You can also sort data by it's value. This can be useful if you want to find specific rows of data, or if you want the data in a certain order for some reason. 

1. In the cell below, there is code to sort the data by flipper length. Add code to show the first five rows of data. 


In [19]:
# Sort penguines by flipper length
penguins = penguins.sort_values(by="flipper_length_mm", ascending=False)

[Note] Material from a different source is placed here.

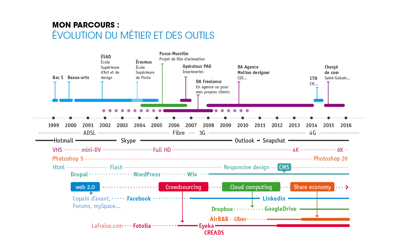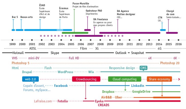 An interesting visualization of Damien’s curriculum: his projects and roles above the dates, the evolving communication tools below (source: Damien Henry)

# Add code to print the first few rows:
penguins.head()

Unnamed: 0,species,island,bill_length_mm,bill_depth_mm,flipper_length_mm,body_mass_g,sex
283,Gentoo,Biscoe,54.3,15.7,231.0,5650.0,MALE
333,Gentoo,Biscoe,51.5,16.3,230.0,5500.0,MALE
335,Gentoo,Biscoe,55.1,16.0,230.0,5850.0,MALE
285,Gentoo,Biscoe,49.8,16.8,230.0,5700.0,MALE
295,Gentoo,Biscoe,48.6,16.0,230.0,5800.0,MALE


2. In the cell below, sort the data by body mass. 
3. Then show the last five rows of data.

In [22]:
# Sort penguins by body mass
penguins = penguins.sort_values(by="body_mass_g", ascending=False)
# Show the last five rows of data
penguins.tail()

Unnamed: 0,species,island,bill_length_mm,bill_depth_mm,flipper_length_mm,body_mass_g,sex
58,Adelie,Biscoe,36.5,16.6,181.0,2850.0,FEMALE
64,Adelie,Biscoe,36.4,17.1,184.0,2850.0,FEMALE
190,Chinstrap,Dream,46.9,16.6,192.0,2700.0,FEMALE
3,Adelie,Torgersen,,,,,
339,Gentoo,Biscoe,,,,,


### Recap 

Now you know how to do some basic and important commands using the pandas library. You can create dataframes, import data, drop rows, and sort information. This library is powerful, and allows you to do a lot of cool things with datasets.